4. The method of claim 3, wherein normal interaction with the firmware is enabled if, during the enable time period, no audio voice enable command is received and a key stroke enable or a mouse click enable command is received.

5. The method of claim 1, wherein the firmware comprises basic input/output system (BIOS) code.

6. The method of claim 1, wherein the firmware comprises Extensible Firmware Interface (EFI) code.

7. The method of claim 2, wherein the compatible voice command data for the voice command recognition engine is remotely coupled to the system on a communication interface.

8. The method of claim 7, wherein the voice response data from the voice output engine is coupled to a user remote from the system on a communication interface.
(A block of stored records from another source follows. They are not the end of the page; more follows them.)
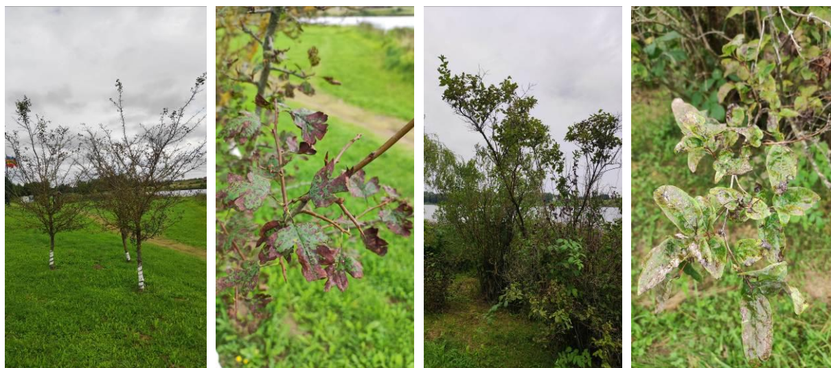
4 pav. Uošvės Liežuvio dendroparko dekoratyvinių krūmų būklė

Uošvės Liežuvio dendroparkas ypatingas želdinių įvairove ir jaukiai suformuotomis erdvėmis. Daugelis čia stebėtų įvairių dekoratyvinių krūmų rūšių ir veislių yra geros būklės ir tik nedaugelis jų yra jautresni įvairiems pakenkimams. Totoriniams sausmedžiams stebėtas lajos praretėjimas, pažeisti, skurdūs ir spalvą praradę lapai, grauželinėms gudobelėms – lapų nekrozė ir defoliacija, švelniosioms gudobelėms – kamieno žaizdos (4 pav.).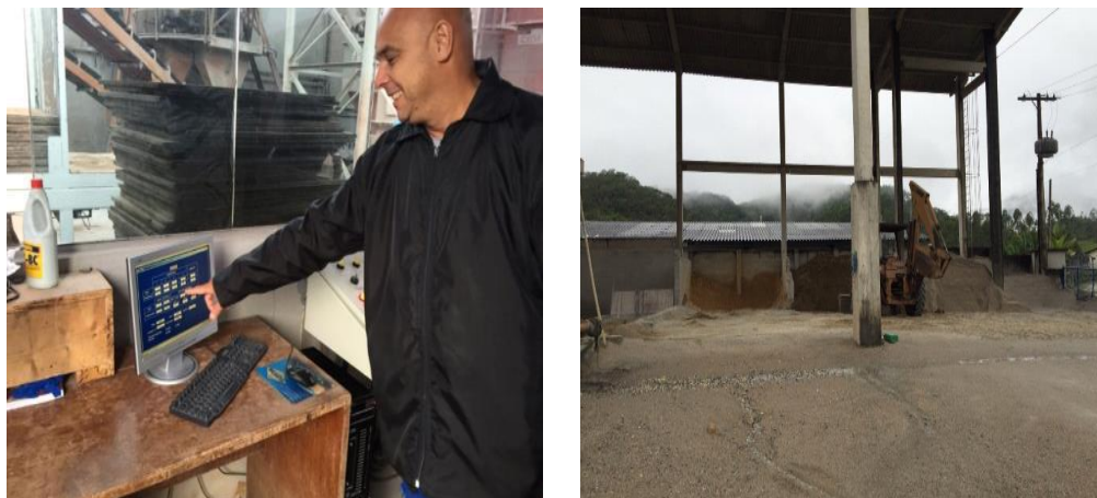
FIGURA 4: GESTÃO DA PRODUÇÃO COM AGENDAMENTO E ARMAZENAGEM DOS AGREGADOS EM BAIAS FONTE: AUTORES (2017)

Com o takt time todos os processos são identificados desde o MFV, e a diferença entre a capacidade e a demanda é calculada, observando se há lacuna em relação ao plano de implementação enxuta, que é executado desde a aquisição dos insumos.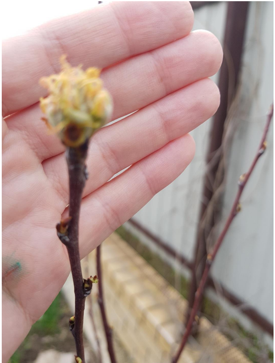
А это почки инжира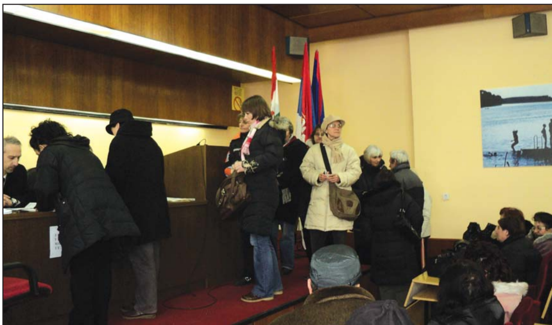
Фонд решио 50.000 захтева заосталих зарада и других права запослених: Радници „Клуз-Тиса“ из Новог Бечеја

9. The method of claim 1, wherein the firmware has executable system functions for generating user outputs which do not require loading of an operating system to execute.
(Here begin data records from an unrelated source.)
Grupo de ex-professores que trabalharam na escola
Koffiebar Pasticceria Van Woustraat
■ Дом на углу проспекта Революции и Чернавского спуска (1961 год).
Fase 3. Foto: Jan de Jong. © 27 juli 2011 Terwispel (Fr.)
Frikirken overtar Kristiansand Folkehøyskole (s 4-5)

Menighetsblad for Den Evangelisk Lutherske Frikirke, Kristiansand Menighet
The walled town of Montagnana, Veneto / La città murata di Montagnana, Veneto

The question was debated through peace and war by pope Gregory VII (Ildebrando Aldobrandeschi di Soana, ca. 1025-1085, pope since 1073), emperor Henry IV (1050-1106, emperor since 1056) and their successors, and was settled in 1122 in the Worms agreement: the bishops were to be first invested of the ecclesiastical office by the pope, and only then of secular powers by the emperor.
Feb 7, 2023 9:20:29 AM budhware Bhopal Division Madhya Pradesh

10. The method of claim 9, wherein the user outputs are accessed and converted to voice outputs when the audio voice enable command is received during an enable time period and visually displayed when an audio voice enable command is not received during the enable time period.
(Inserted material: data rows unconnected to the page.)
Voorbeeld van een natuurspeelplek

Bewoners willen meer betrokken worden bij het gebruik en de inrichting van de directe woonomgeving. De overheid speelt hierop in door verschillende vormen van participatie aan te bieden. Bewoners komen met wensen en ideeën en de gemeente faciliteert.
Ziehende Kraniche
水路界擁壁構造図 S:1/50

11. A system with firmware used to set hardware configurations for the system comprising: a CPU for executing firmware code to boot-up the system; a recordable storage media for the firmware code coupled to the CPU; a voice command recognition engine imbedded in the firmware; and a voice output engine imbedded in the firmware for generating voice response data in response to recognized voice input commands.

12. The system of claim 11 further comprising: microphone circuitry coupled to a microphone and the voice command recognition engine for receiving audio voice commands from a user of the system and generating compatible voice command data for the voice command recognition engine; and speaker circuitry coupled to a speaker and the voice output engine for receiving voice output data from the voice output engine and generating voice response outputs for the user of the system in response to recognized voice commands.

13. The system of claim 11, wherein the voice command recognition engine and the voice output engine are enabled to interact with the firmware when the audio voice enable command is received by the voice command recognition engine within an enable time period for receiving requests to interact with the firmware.

14. The system of claim 13, wherein normal interaction with the firmware is enabled if, during the enable time period, no audio voice enable command is received and a key stroke enable or a mouse click enable command is received.

15. The system of claim 11, wherein the firmware comprises basic input/output system (BIOS) code.

16. The system of claim 1 1, wherein the firmware comprises Extensible Firmware Interface (EFI) code.

17. The system of claim 12, wherein the compatible voice command data for the voice command recognition engine is remotely coupled to the system on a communication interface.

18. The system of claim 17, wherein the voice response data from the voice output engine is coupled to a user remote from the system on a communication interface.

19. The system of claim 11, wherein the firmware has executable system functions for generating user outputs which do not require loading of an operating system to execute.

20. The system of claim 19, wherein the user outputs are accessed and converted to voice outputs when the audio voice enable command is received during an enable time period and visually displayed when the audio voice enable command is not received during the enable time period.

Description:

TECHNICAL FIELD

The present invention relates in general to methods and systems to improve accessibility options for accessibility impaired individuals when using, modifying, or testing computer systems.

BACKGROUND INFORMATION

Basic Input Output System (BIOS) is an essential set of routines in a personal computer (PC), which is stored on a chip and provides an interface between the operating system and the hardware. The BIOS supports all peripheral technologies and internal services such as the real-time clock (time and date). On startup, the BIOS tests the system and prepares the computer for operation by querying its own small memory (CMOS) bank for drive and other configuration settings. It searches for other BIOSs on the plug-in boards and sets up pointers (interrupt vectors) in memory to access those routines. It then loads the operating system and passes control to it. The BIOS accepts requests from the drivers as well as the application programs. BIOSs must periodically be updated to keep pace with new peripheral technologies. If the BIOS is stored on a read only memory (ROM) chip (ROM BIOS), it must be replaced. Newer BIOSs are stored on a flash memory chip that can be upgraded via software.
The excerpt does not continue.